Relationship Between Late Follicular Phase Progesterone Level and the Risk of Ectopic Pregnancy Following IVF-Fresh Embryo Transfer Cycles: A Case-Control Study

Ever since the first pregnancy achieved with In Vitro Fertilization (IVF) and Embryo Transfer (ET) was ectopic [1], the association between Assisted Reproductive Technology (ART) and this morbid complication has been very solid, with some reports claiming that the risk of Ectopic Pregnancy (EP) may be increased as much as 2-fold in women who conceive via ART [2,3]. It remains very difficult to pinpoint the mechanisms responsible for this association, but some suggested explanations include inadvertent direct tubal ET or its natural migration from the uterus into the tube. In a mock intrauterine ET with 50μl of radiopaque fluid, Knutzen et al. [4] showed that the material was transferred into the tube in almost half of the cohort, which is a lot higher than the natural incidence of EP. Accordingly, for the embryo to implant in the tube, there should be some pathological mechanism which prevents its movement back into the uterine cavity [5]. Independently of tubal damage that might be the reason for infertility and the need for ART to start with, the hormonal milieu may play a key role in the pathogenesis of EP.

In IVF-ET cycles, Progesterone (P) concentrations are supraphysiologic and exceed these of normal conception due to the multifollicular growth, the presence of multiple corpus lutea, and the additional iatrogenic supplementation for luteal phase support [6]. On one side, high P level contributes to uterine quiescence [7]. This decreased uterine contractility favors embryonic implantation in the uterine cavity as opposed to its migration into the fallopian tubes [6]. On the other side, high P level reduces ciliary beat frequency in both humans and mice fallopian tubes [8,9]. This resultant ciliary dysfunction could prevent the migration of the embryo back from the tubes into the uterus.
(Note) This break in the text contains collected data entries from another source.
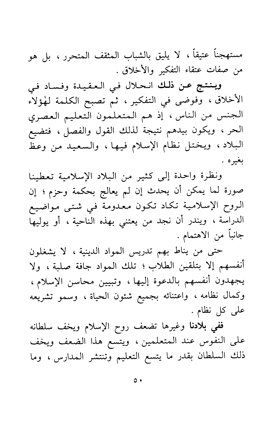 ونظرة واحدة إلى كثير من البلاد الإسلامية تعطينا صورة لما يمكن أن يحدث إن لم يعالج بحكمة وحزم; إن الروح الإسلامية تكاد تكون معدومة في شتى مواضيع الدراسة، ويندر أن نجد من يعتني بهذه الناحية، أو يوليها جانبا من الاهتمام. حتى من يناط بهم تدريس المواد الدينية، لا يشغلون أنفسهم إلا بتلقين الطلاب تلك المواد جافة صلبة، ولا يجهدون أنفسهم بالدعوة إليها، وتبيين محاسن الإسلام، وكمال نظامه، واعتنائه بجميع شؤون الحياة، وسمو تشريعه على كل نظام.
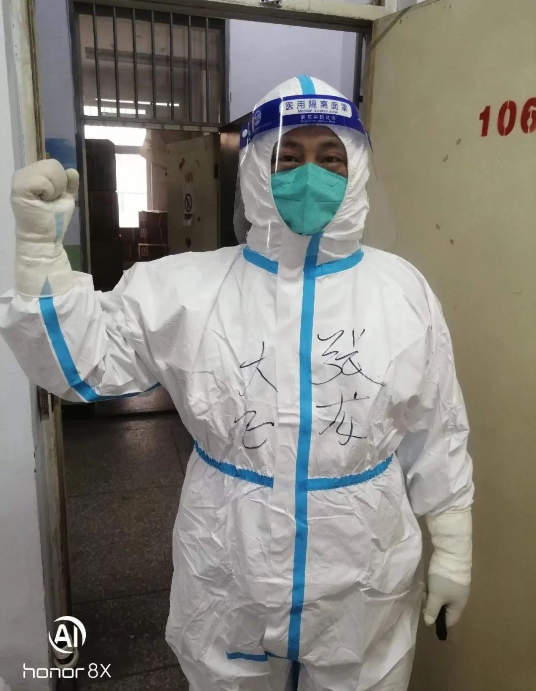 11月16日晚上6點,是他們第一次穿著防護服進入隔離區(qū)為隔離人員高風險近距離服務。關向宇同志身體高大肥胖,穿脫防護服要比常人艱難的多,為盡職責完成任務,自己克服困難,知難而上,跨入隔離區(qū)。二人在隔離區(qū)服務近四個小時,出來時滿身流著汗水,第二天兩人都發(fā)生了身體不適狀況,身體發(fā)冷、咳嗽等癥狀,但是他們沒有畏縮,提振精神,繼續(xù)馬不停蹄的干活,該干啥干啥,該做什做什,忙里又忙外。
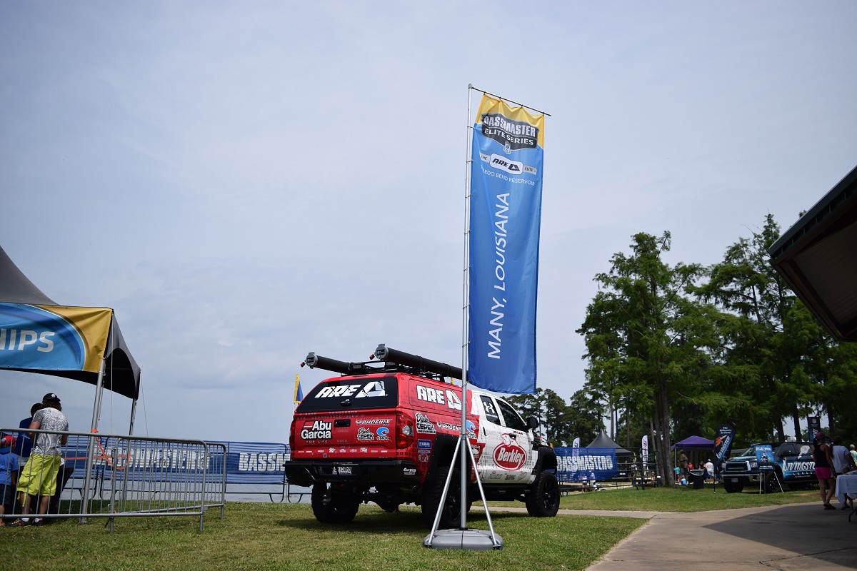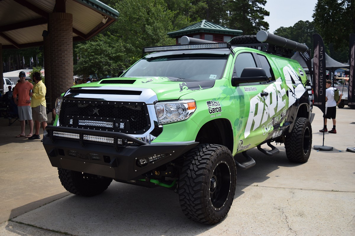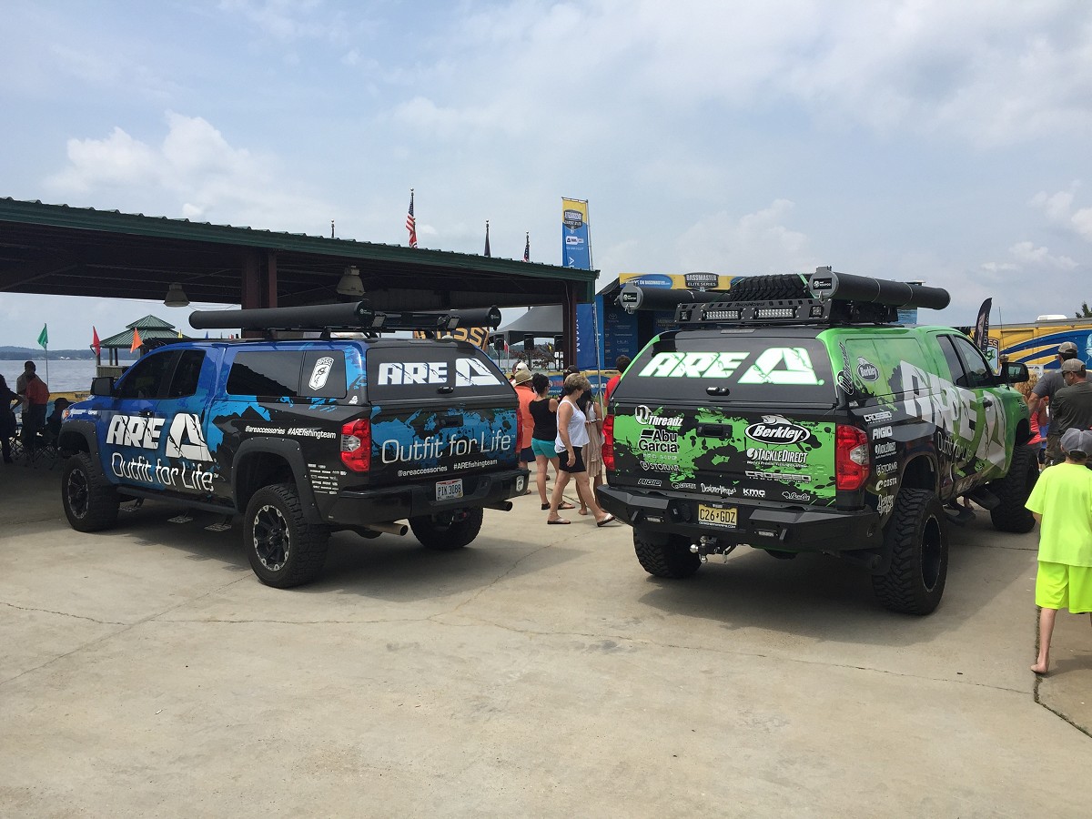 Bassmaster Many "Facts of Fishing truck in A.R.E. booth"
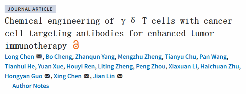 近日,北京大学第三医院药学部林坚研究员/陈龙副研究员团队联合妇产科和北京大学化学与分子工程学院团队在国际知名综合性期刊National Science Review上发表题为“Chemical engineering of γδ T cells with cancer cell-targeting antibodies for enhanced tumor immunotherapy”(肿瘤靶向抗体化学工程改造γδ T细胞赋能抗肿瘤免疫治疗)的研究论文,首次报道了一种通过化学工程策略构建抗体-γδ T细胞偶联物,显著提升γδ T细胞肿瘤靶向效率与抗肿瘤活性的新方法。...
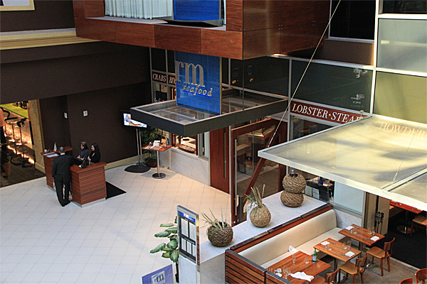 С большим удовольствием рекламирую ресторанчик в Вегасе специально для москвичей. Называется RM Seafood, находится в Mandalay Bay. Мы туда вчера зашли со старыми тульскими друзьями айтишниками (даже фидошниками) - просто типа как пообедать морепродуктами. Без затей. Правда, по меню было видно, что блюда недешевые - ну, 20 баксов блюдо, ну, 30. Дороговато, но для ресторана морепродуктов - вроде нормально. Были втроем. Заказали немного - три салата, пару порций устриц, три морепродуктов и компот. Ну и пару бутылок самого дешевого (для данного заведения) местного Шардоне из Напа Вэли.
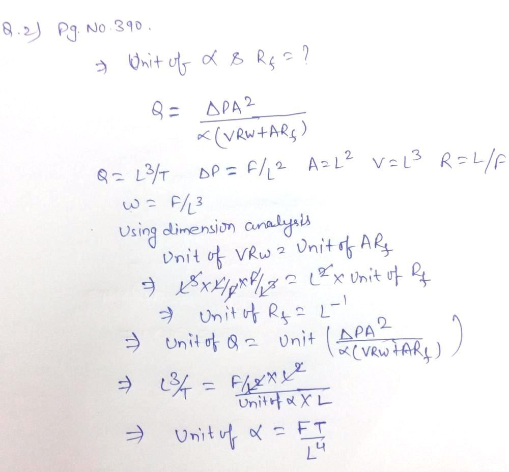 F/L2 the vacuum pressure differential, A ≐ L2 the filter area, α the filtrate "viscosity," V ≐ L3 the filtrate volume, R ≐ L/F the sludge specific resistance, w ≐ F/L3 the weight of dry sludge per unit volume of filtrate, and Rf the specific resistance of the filter medium. What are the dimensions of Rf and and α?
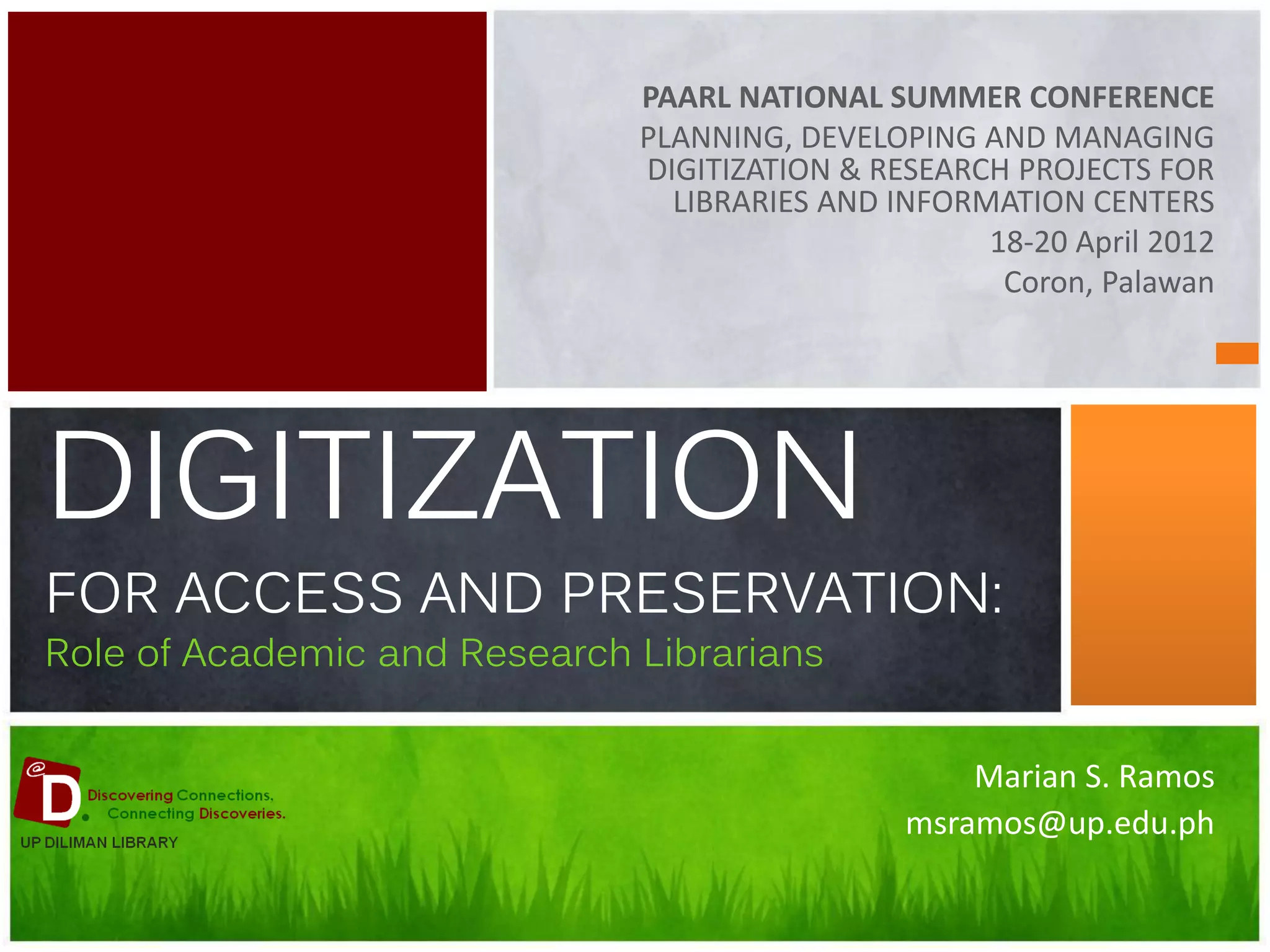 This document discusses digitization and the role of librarians in digitization projects. It begins with an introduction to digitization, including definitions and the digitization process. It then covers topics such as digitization for preservation and access, challenges of digitization, and the responsibilities of librarians in digitization projects. The document provides an overview of key issues in planning and managing library digitization initiatives.

The evidence of P-related increase in EP comes from contraceptives’ studies. The risk of EP among women using progestin oral pills or progestin implants is 2 to 5-fold compared to other women of childbearing age [10,11]. The incidence of EP with progesterone-bearing IUD’s is also considerably greater (16.3% of the pregnancies) than observed with placebo device (5.1% of the pregnancies) [12]. However, to the best of our knowledge, no study to date assessed whether similar P-mediated increase in the risk of EP is seen in IVF-ET cycles. Hence the objective of our study is to assess whether increased late follicular phase P level during controlled ovarian stimulation increases the risk of EP following fresh ET.

Study design

This is a retrospective case-control study where all cases (n=29) of EP (study group) were compared to 79 cases of documented viable intrauterine pregnancies (control group) which were selected based on a random number generator model on a year-toyear basis. All pregnancies were the result of an IVF cycle followed by fresh ET conducted between August 2009 and December 2016 at Clinique Ovo, a private fertility center affiliated with the Université de Montréal, Canada.
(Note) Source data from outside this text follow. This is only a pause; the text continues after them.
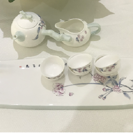 【非遗助残】【唐山骨瓷】手绘长山桃花茶具 精选大型食草类动物骨粉 纯天然绿色环保
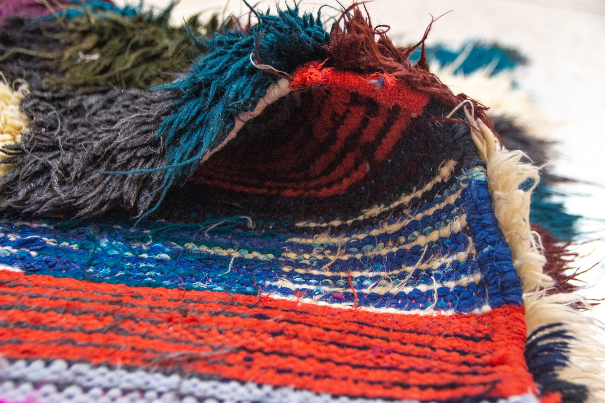 A path of saved textiles—every square a color note in the Amazigh symphony of reuse.
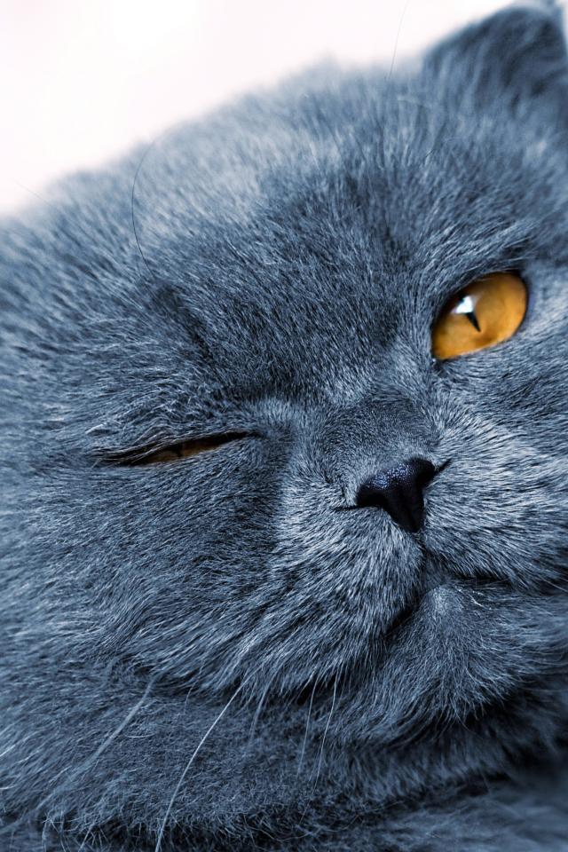 » Wallpaper Gray British cat winks with an eye
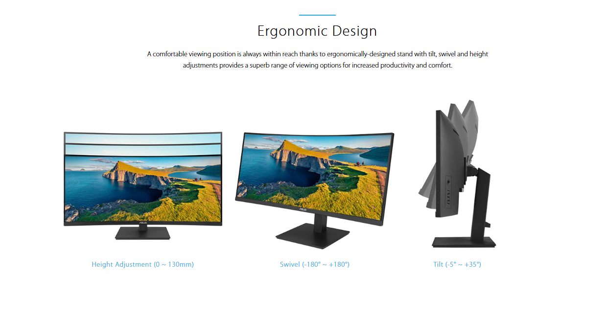 *ASUS VA34VCPSR Docking Monitor – 34 inch, WQHD (3440x1440), 1500R Curvature, Frameless, USB-C PD 96W, RJ45, USB hub, Low Blue Light, Flicker Free, Ergonomic Design, Wall Mountable, Green Sustainability
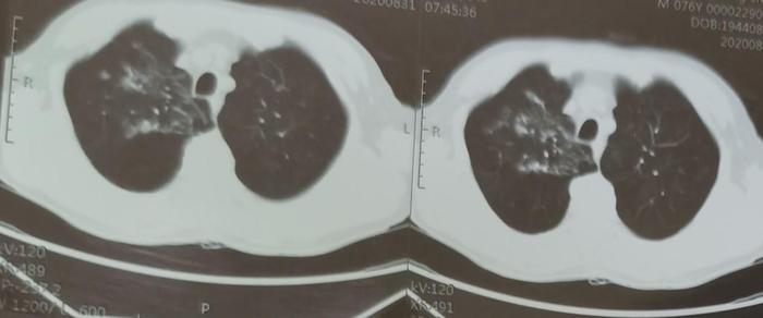 此病人痰中检查出结核菌,确诊为肺结核,具有传染性。这是服药前的CT。
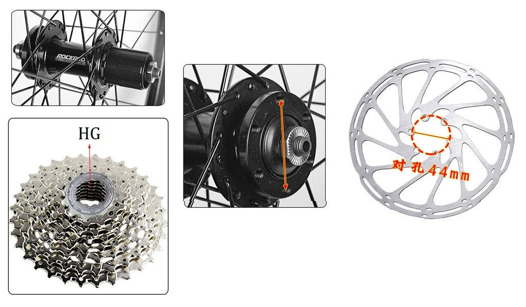 Обод: Двойной ROCKBAO 32 отверстия Втулка ROCKBAO на насыпных подшипниках HG Барабан Втулка под Эксцентрик Крепление под дисковый тормоз Посадочные: 135*9 мм Ниппель AV (авто)
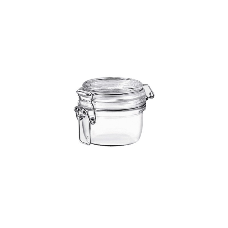 Tarro hermético del modelo Fido de la marca Bormioli Rocco de 125 cc en transparente, una pieza muy valorada y resistente.
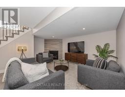 Impressive Beckwith model end-unit townhome offering over 2,000 sq ft of well-designed living space. Ideally located with no direct front-facing neighbors, this home offers added privacy and extra parking options. The main floor features a stylish kitchen with quartz countertops, an oversized island with breakfast bar, and plenty of prep and storage space-perfect for both everyday living and entertaining. The open-concept layout flows seamlessly into the bright and spacious living and dining areas, ideal for hosting family and friends. Upstairs, the primary bedroom serves as a private retreat with double-door entry, a generous walk-in closet, and a large ensuite bathroom. Three additional well-sized bedrooms are located on the second floor, including one with vaulted ceilings that adds charm and character. Second-floor laundry adds everyday convenience. The fully finished basement extends the living space with a cozy family room featuring a fireplace, a full bathroom, and a versatile flex room currently being used as a fifth bedroom-ideal for guests, a home office, gym, or extra storage. Located close to William Bradley Park, walking paths, schools, and local amenities, this home offers exceptional space, functionality, and a fantastic location-an ideal fit for growing families or anyone looking for flexible living space in a desirable community. (id:50982)
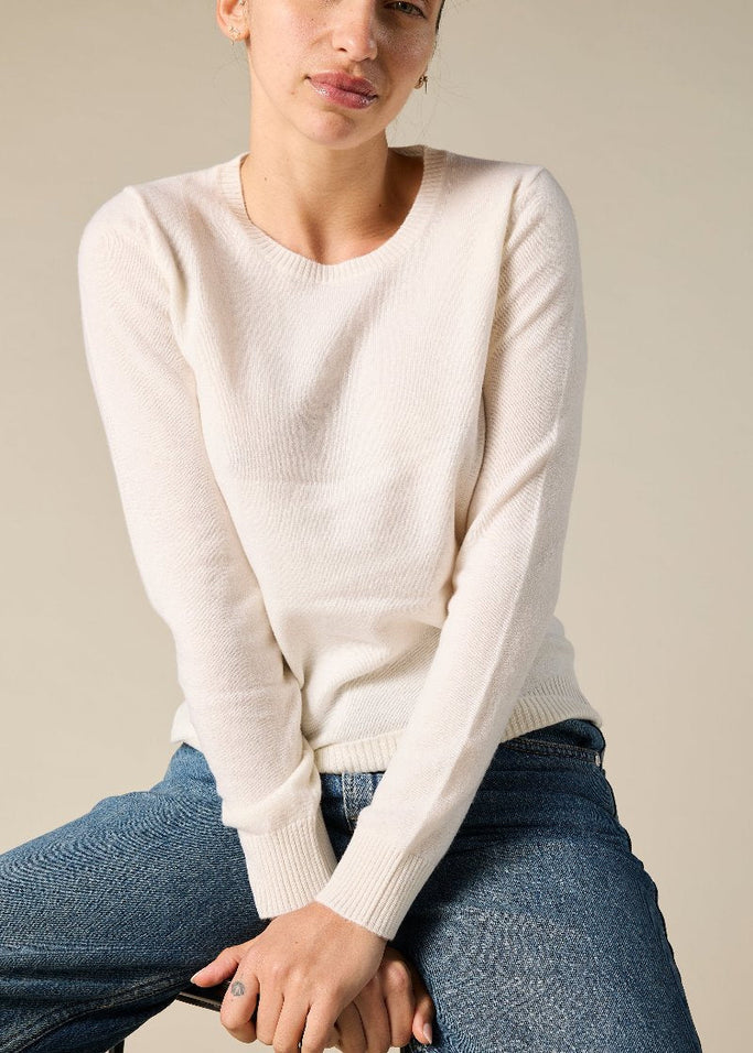 100% cashmere crew neck in the winter white. This classic crew neck is the perfect fit. Not too big and not too small, it is great worn on its own with jeans for a soft casual day look or team with pearls and super high heels for evening. This versatile cashmere piece easily fits under a jacket for layering or over a shirt for warmth. Its beauty lies in the simplicity and feel against your skin.

The main exposure was progesterone level measured in nmol/L on the day before or on the day of ovulation trigger. Other exposures included known EP risk factors (history of pelvic inflammatory disease, endometriosis, documented tubal disease, previous EP and major abdominal surgery), and the IVF-ET cycle characteristics (type of protocol used, blood estradiol level prior to trigger, number of ovules obtained, endometrial thickness, day of ET, number of embryos transferred, difficulty of transfer, and the use of rigid catheter). Demographics as in age and smoking status were also accounted for.
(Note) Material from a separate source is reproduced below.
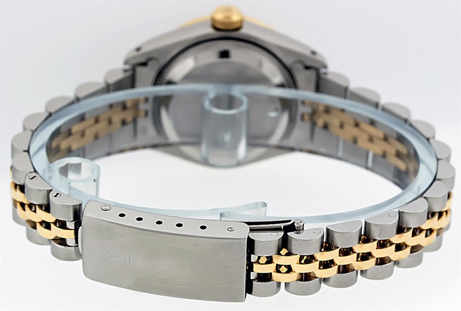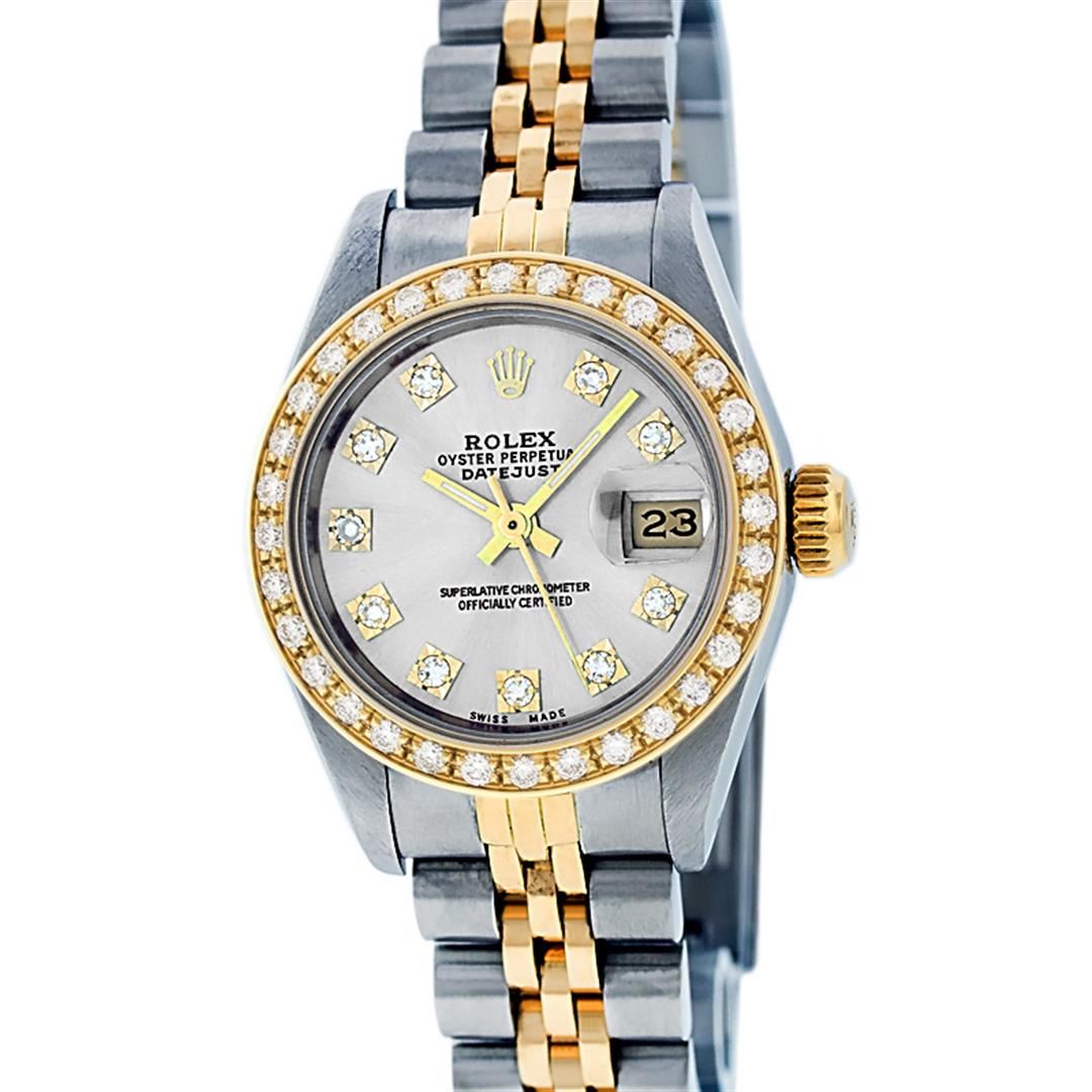One Ladies Pre Owned Two Tone Rolex Datejust Polished, Serviced & Electronically Tested, Yellow Gold & Stainless Steel Case: 26mm, Yellow Gold Crown, Custom Bezel: New 18K 1.0ctw Yellow Gold Beadset Diamond Bezel, Diamond Count: 32 Diamonds, Total Weight

ART protocols & assessment of primary exposure

Protocols were divided between antagonist, long agonist and short flare-up depending on the physician’s personalized decision for every case. Stimulation was achieved either with recombinant or urinary gonadotropins. A GnRH agonist or a GnRH antagonist was used for down-regulation. To monitor ovarian stimulation, serum levels of estradiol and P were recorded, followed by transvaginal ultrasound. Serum P was dosed by the ARCHITECT Progesterone (Abbott, i2000SR), a Chemiluminescent Microparticle Immunoassay (CMIA).

Thirty-six hours after administration of urinary hCG, oocyte retrieval was performed under IV sedation. To fertilize the oocytes, either standard IVF or ICSI were used based on fertility indication. Single or double fresh ET was undertaken on day 3 (cleavage stage) or day 5 (blastocyst stage) under trans-abdominal ultrasound guidance, with the embryos transferred around 1.5cm from the fundal endometrial surface. Note that ultrasounds, oocyte retrievals, and ET’s were performed by REI subspecialists or REI fellows according to the standardized protocols of the clinic. Luteal support was provided with 50 mg of intramuscular P daily and transdermal estradiol patches releasing 100mcg daily.

Ethical considerations

The study was approved by our Institutional Review Board. Because of its anonymous chart review nature, and absence of any medical intervention, no patient consent was needed. There were no known conflicts of interest or financial support for this work that could have influenced its outcome.

Statistical analysis

Quantitative variables were reported as percentage or median with 25^th & 75^th percentiles, as appropriate. SPSS v22.0 (IBM, Armonk, New York) was used to carry the bivariate analysis to evaluate the association of each collected variable with EP. A P-value < 0.05 was considered statistically significant.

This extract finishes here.